Client disconnection might be troublesome problem especially when we need to keep a track on the state of Znodes at regular intervals. ZooKeeper has an event system referred to as watch which can be set on Znode to trigger an event whenever it is removed, altered or any new children are created below it.
What is a checkpoint?
In brief, “Checkpointing” is a process that takes an FsImage, edit log and compacts them into a new FsImage. Thus, instead of replaying an edit log, the NameNode can load the final in-memory state directly from the FsImage. This is a far more efficient operation and reduces NameNode startup time. Checkpointing is performed by Secondary NameNode.

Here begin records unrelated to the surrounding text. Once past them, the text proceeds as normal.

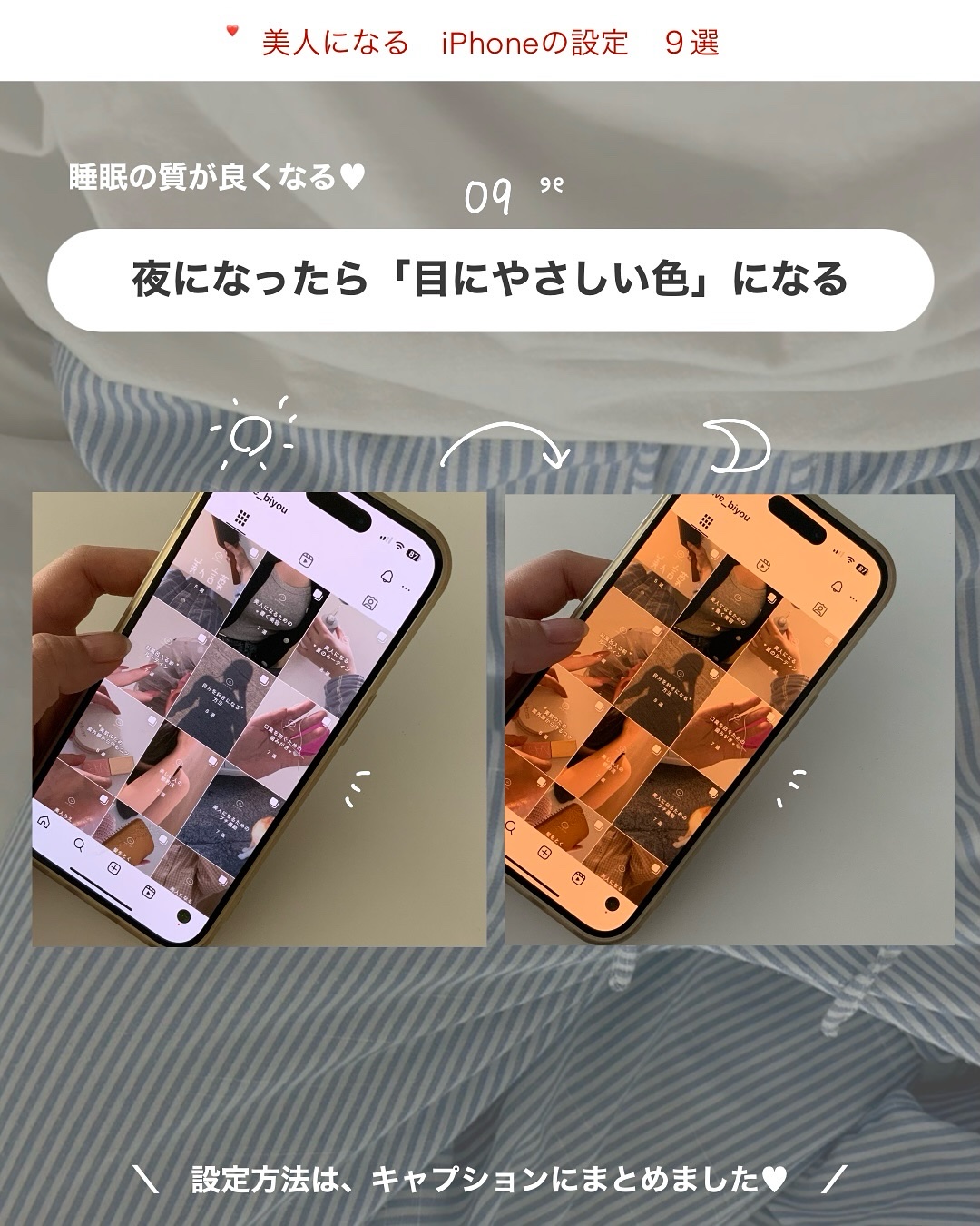 ブルーライトは目にも良くないし睡眠の質を下げると聞いたので私は目に優しい画面に設定しています❣️🌸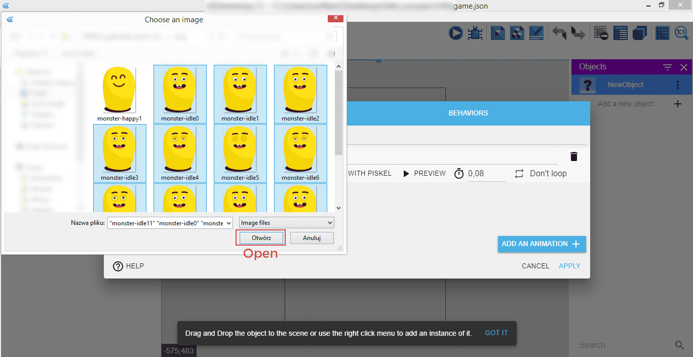 After giving him his new name, let's add some images that will represent him on the scene and in the game. Click on the "Add an animation" button to open a file select window.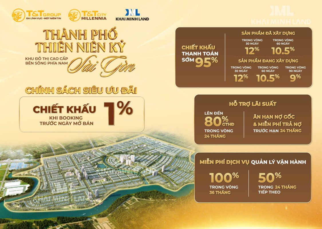 - Đặc biệt, T&T City Millennia nằm đối diện cảng Hiệp Phước và liền kề với nhiều khu đô thị lớn như: GS Metro City, Phú Mỹ Hưng. Vì vậy, mặc dù dự án nằm tại Long An nhưng là nơi tuyệt vời cho cư dân TP HCM an cư và đầu tư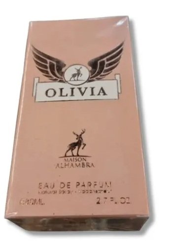 Olivia de Maison Alhambra es una fragancia de la familia olfativa Almizcle Floral Amaderado para Mujeres. Esta fragrancia es nueva. Olivia se lanzó en 2023. Las Notas de Salida son jazmín, mandarina, jengibre y azucena; las Notas de Corazón son sal y vainilla; las Notas de Fondo son ámbar gris y sándalo.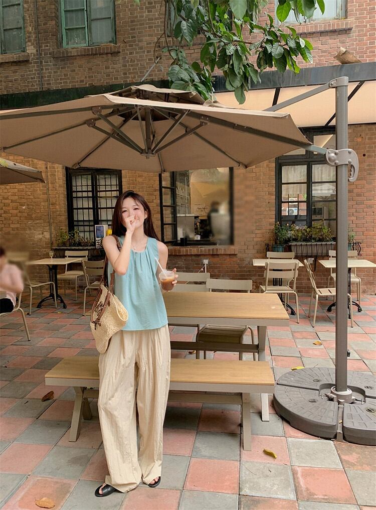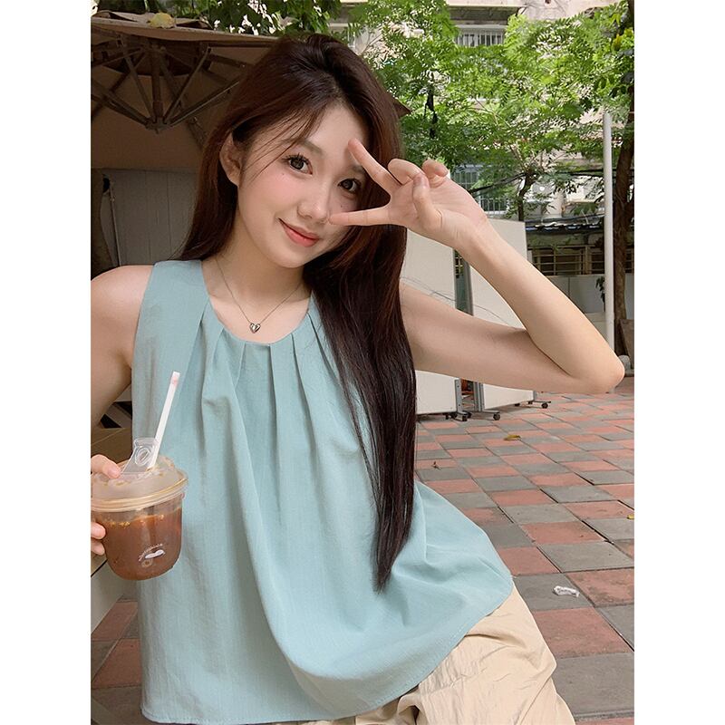 2023 夏の新バージョンのインルースシンプルなオールマッチソリッドカラー年齢軽減ニッチプレスプリーツノースリーブベスト婦人服 サマー 夏物 missk3849689305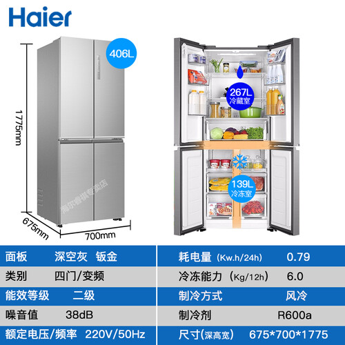 海尔变频节能对开门冰箱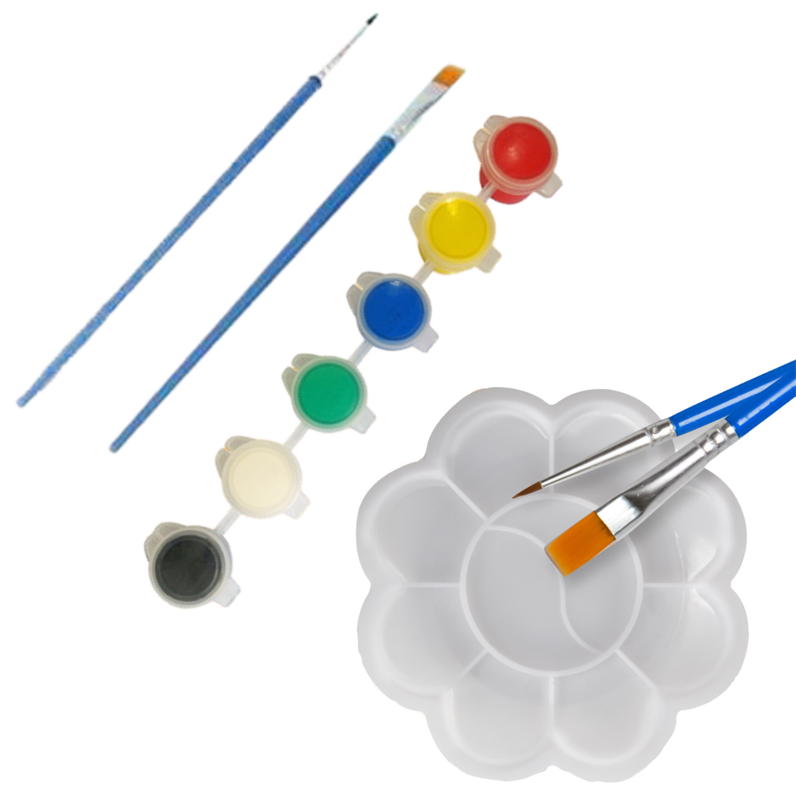 W zestawie znajduje się 6 farb, co pozwoli na tworzenie bogatych i zróżnicowanych projektów. Dodatkowo, 2 pędzle o różnych rozmiarach.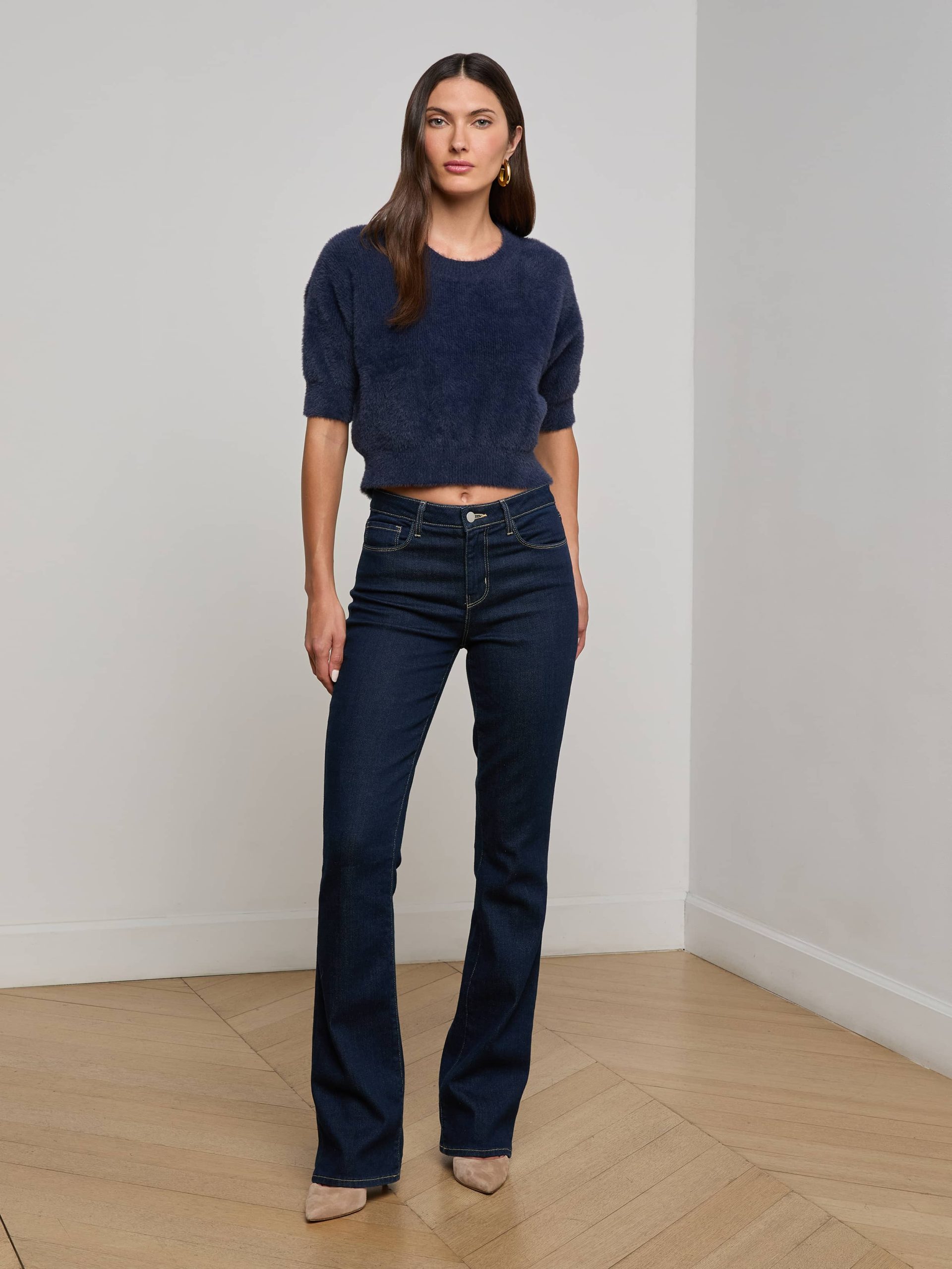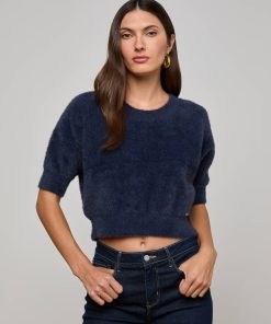 Meet Guinevere, your new cozy essential. This cropped short-sleeve top is spun from an ultra-soft, plush knit that feels as luxurious as it looks. Designed with a relaxed fit and ribbed trim, it hits just above the waist for a flattering silhouette.

How is HDFS fault tolerant?
When data is stored over HDFS, NameNode replicates the data to several DataNode. The default replication factor is 3. You can change the configuration factor as per your need. If a DataNode goes down, the NameNode will automatically copy the data to another node from the replicas and make the data available. This provides fault tolerance in HDFS.
Can NameNode and DataNode be a commodity hardware?

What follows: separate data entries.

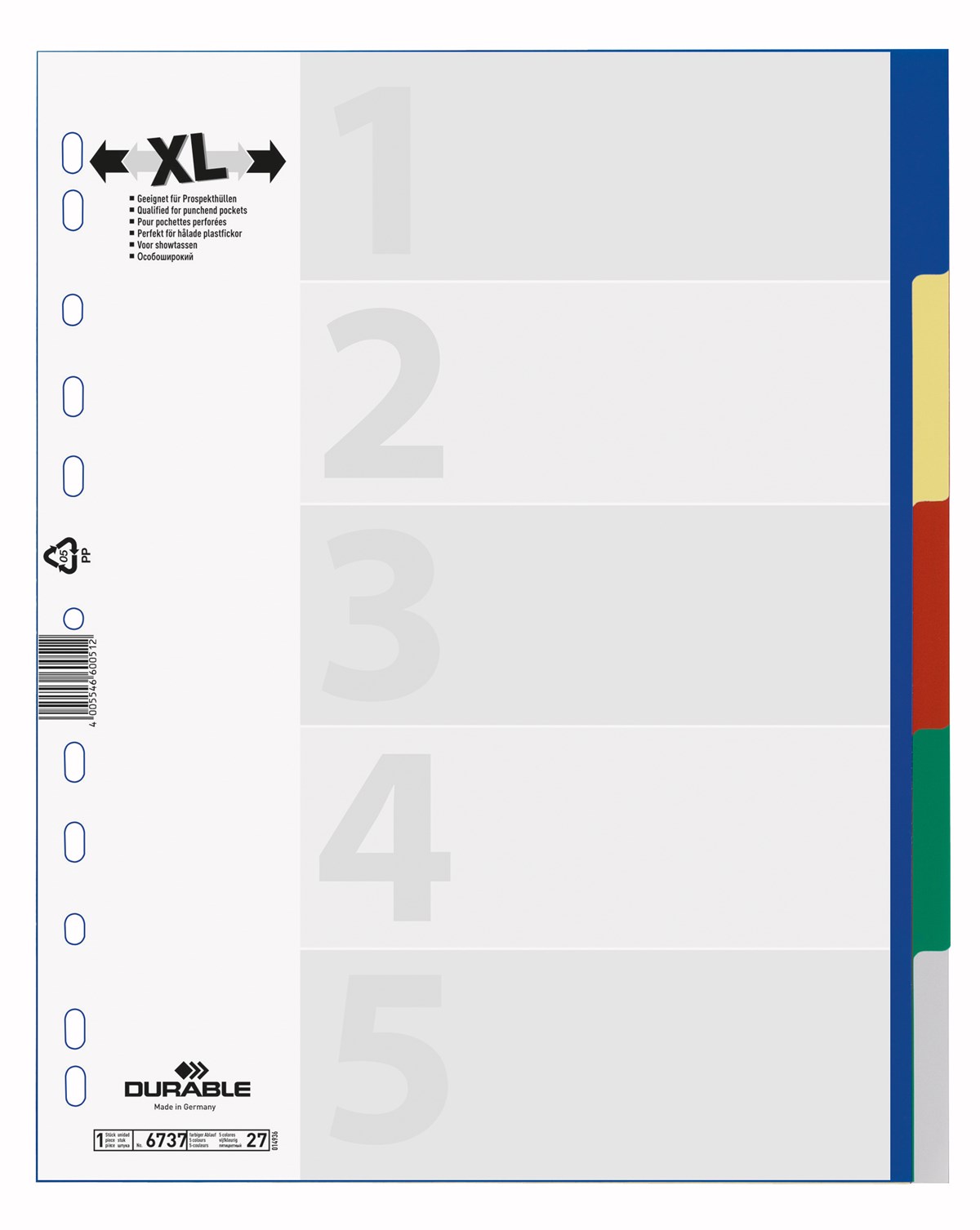 Otryckt pärmregister i PP-plast med olikfärgade blad samt försättsblad av kartong. Extra breda, kan därför användas tillsammans med underregister eller plastfickor. Multihålade. 20 st/förp.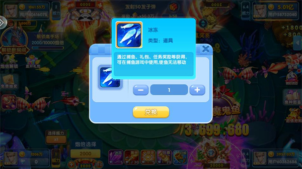 2、获取权益加成会让你获得更多金而或道具,使用冰冻技能可以冻住所有鱼儿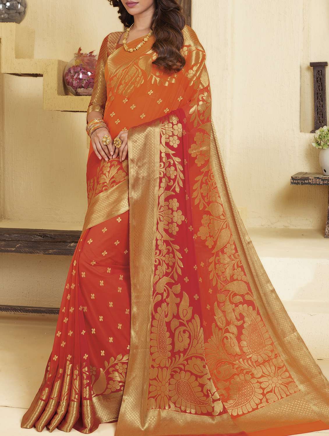 golden zari woven saree with blouse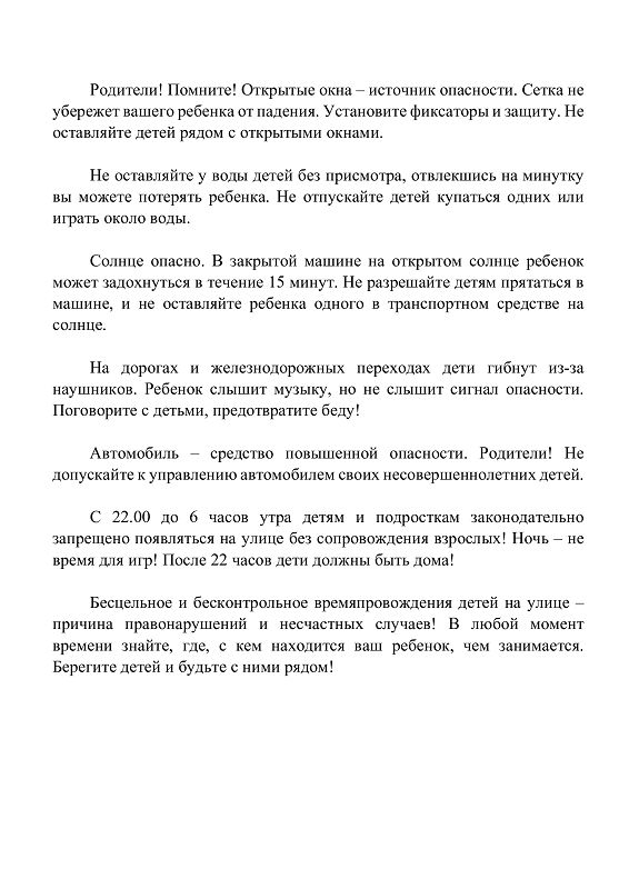 Летом, с началом каникул, наших детей подстерегает повышенная опасность на дорогах, у водоемов, в лесу, на игровых площадках, в саду, во дворах. Этому способствует погода, летние поездки и любопытство детей, наличие свободного времени, а главное отсутствие должного контроля со стороны взрослых. Летом надо помнить ряд правил и условий при организации детского отдыха с родителями, родственниками, друзьями (на даче или в деревне у бабушки).

The smart answer to this question would be, DataNodes are commodity hardware like personal computers and laptops as it stores data and are required in a large number. But from your experience, you can tell that, NameNode is the master node and it stores metadata about all the blocks stored in HDFS. It requires high memory (RAM) space, so NameNode needs to be a high-end machine with good memory space.
Why do we use HDFS for applications having large data sets and not when there are a lot of small files?
HDFS is more suitable for large amounts of data sets in a single file as compared to small amount of data spread across multiple files. As you know, the NameNode stores the metadata information regarding the file system in the RAM. Therefore, the amount of memory produces a limit to the number of files in my HDFS file system. In other words, too many files will lead to the generation of too much metadata. And, storing these metadata in the RAM will become a challenge. As a thumb rule, metadata for a file, block or directory takes 150 bytes.
How do you define “block” in HDFS? What is the default block size in Hadoop 1 and in Hadoop 2? Can it be changed?
Blocks are the nothing but the smallest continuous location on your hard drive where data is stored. HDFS stores each as blocks, and distribute it across the Hadoop cluster. Files in HDFS are broken down into block-sized chunks, which are stored as independent units.
Hadoop 1 default block size: 64 MB
Hadoop 2 default block size: 128 MB
Yes, blocks can be configured. The dfs.block.size parameter can be used in the hdfs-site.xml file to set the size of a block in a Hadoop environment.
What does ‘jps’ command do?
The ‘jps’ command helps us to check if the Hadoop daemons are running or not. It shows all the Hadoop daemons i.e namenode, datanode, resourcemanager, nodemanager etc. that are running on the machine.
How do you define “Rack Awareness” in Hadoop?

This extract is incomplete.